Reproduce, exactly and in full, the lines from the one with "10 entries| Team" through the one with "- ミズヒキモ(Potamogeton octandrus" in the data below; drop pictures.

DATA IN THIS EXERCISE
###
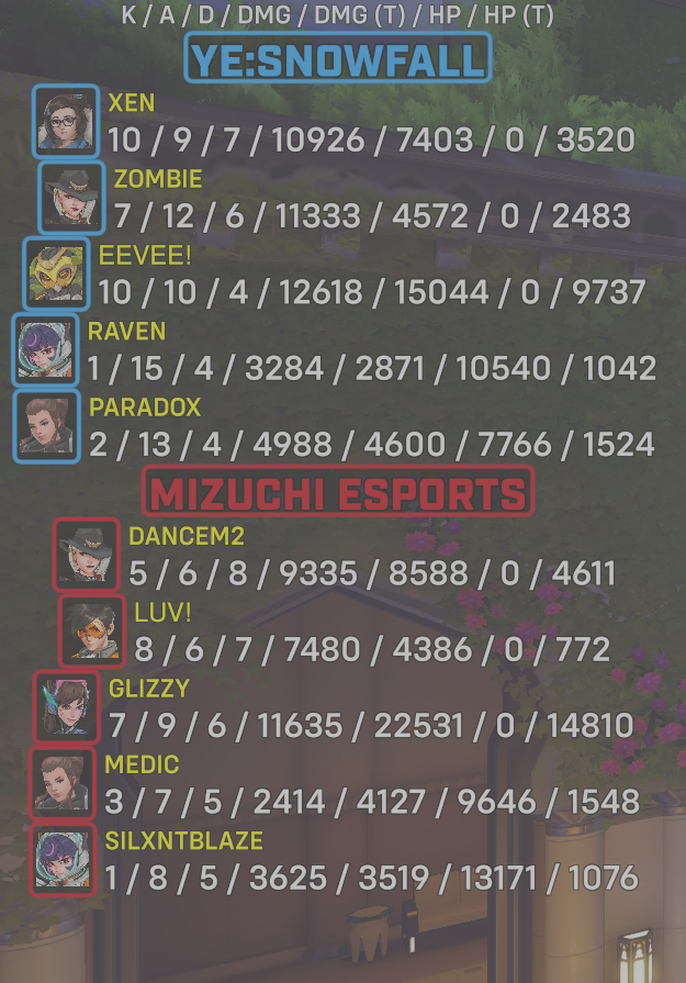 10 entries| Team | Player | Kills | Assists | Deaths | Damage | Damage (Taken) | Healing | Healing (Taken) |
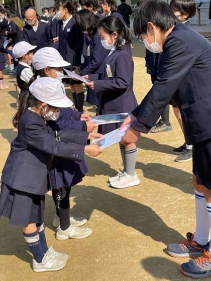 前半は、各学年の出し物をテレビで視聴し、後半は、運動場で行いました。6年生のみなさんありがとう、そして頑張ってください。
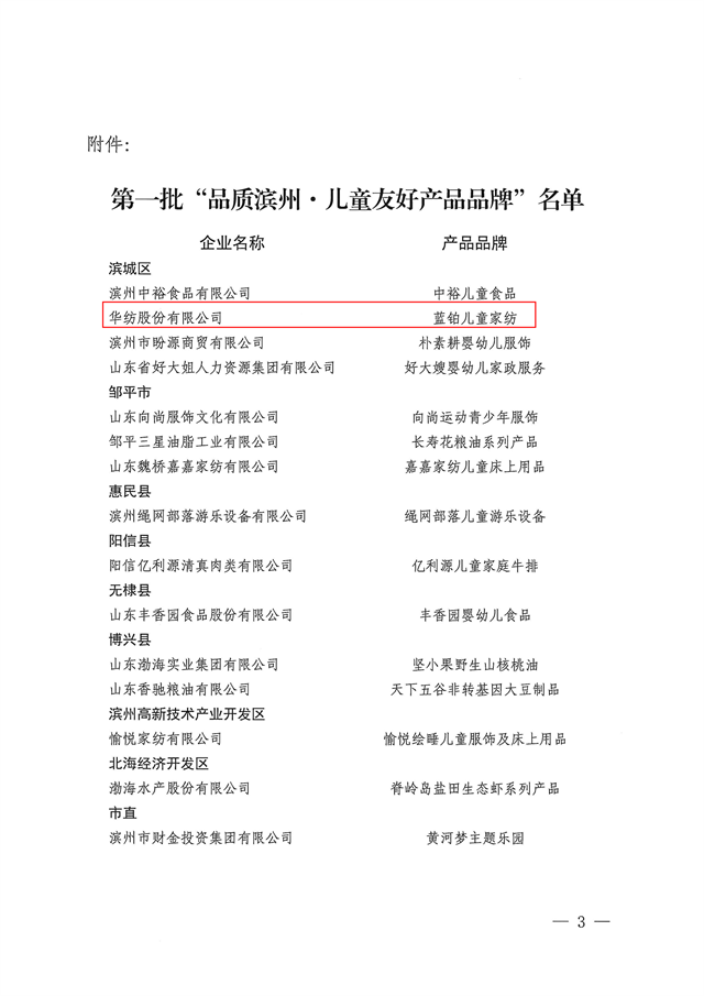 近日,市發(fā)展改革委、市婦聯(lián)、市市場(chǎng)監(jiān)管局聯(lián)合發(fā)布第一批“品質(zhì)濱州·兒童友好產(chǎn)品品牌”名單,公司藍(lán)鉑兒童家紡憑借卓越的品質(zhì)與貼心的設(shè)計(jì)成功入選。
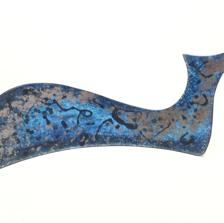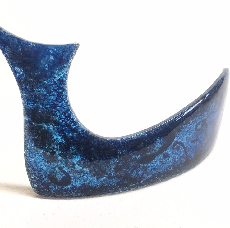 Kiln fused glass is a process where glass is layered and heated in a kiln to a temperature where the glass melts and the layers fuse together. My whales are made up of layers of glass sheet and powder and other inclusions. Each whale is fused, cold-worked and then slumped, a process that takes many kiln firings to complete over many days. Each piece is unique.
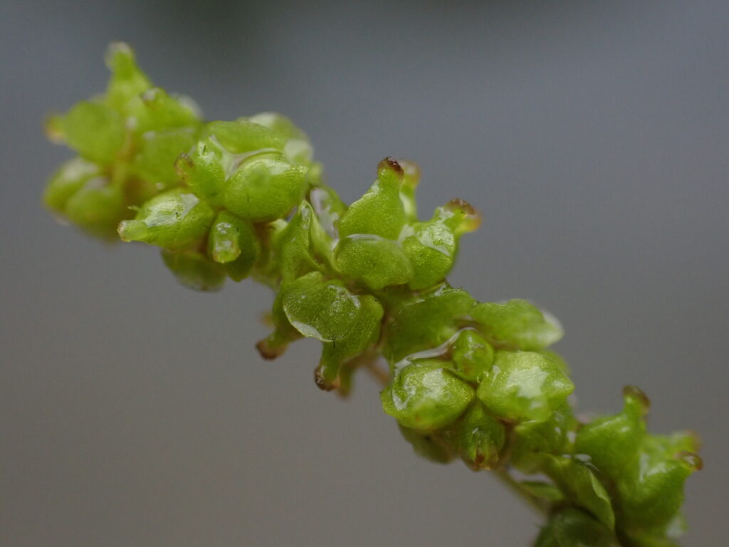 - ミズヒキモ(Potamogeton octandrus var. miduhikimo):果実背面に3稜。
###
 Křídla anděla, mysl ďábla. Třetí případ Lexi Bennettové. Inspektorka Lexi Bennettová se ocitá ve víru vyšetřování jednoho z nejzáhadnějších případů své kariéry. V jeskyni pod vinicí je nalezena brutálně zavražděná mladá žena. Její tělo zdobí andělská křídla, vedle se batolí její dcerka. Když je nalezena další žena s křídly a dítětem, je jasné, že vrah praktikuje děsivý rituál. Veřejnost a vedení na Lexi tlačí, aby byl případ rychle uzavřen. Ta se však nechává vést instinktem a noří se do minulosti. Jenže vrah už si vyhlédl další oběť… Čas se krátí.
###
SOLUTION FOR THIS PROBLEM
 10 entries| Team | Player | Kills | Assists | Deaths | Damage | Damage (Taken) | Healing | Healing (Taken) |
 前半は、各学年の出し物をテレビで視聴し、後半は、運動場で行いました。6年生のみなさんありがとう、そして頑張ってください。
 近日,市發(fā)展改革委、市婦聯(lián)、市市場(chǎng)監(jiān)管局聯(lián)合發(fā)布第一批“品質(zhì)濱州·兒童友好產(chǎn)品品牌”名單,公司藍(lán)鉑兒童家紡憑借卓越的品質(zhì)與貼心的設(shè)計(jì)成功入選。
 Kiln fused glass is a process where glass is layered and heated in a kiln to a temperature where the glass melts and the layers fuse together. My whales are made up of layers of glass sheet and powder and other inclusions. Each whale is fused, cold-worked and then slumped, a process that takes many kiln firings to complete over many days. Each piece is unique.
 - ミズヒキモ(Potamogeton octandrus var. miduhikimo):果実背面に3稜。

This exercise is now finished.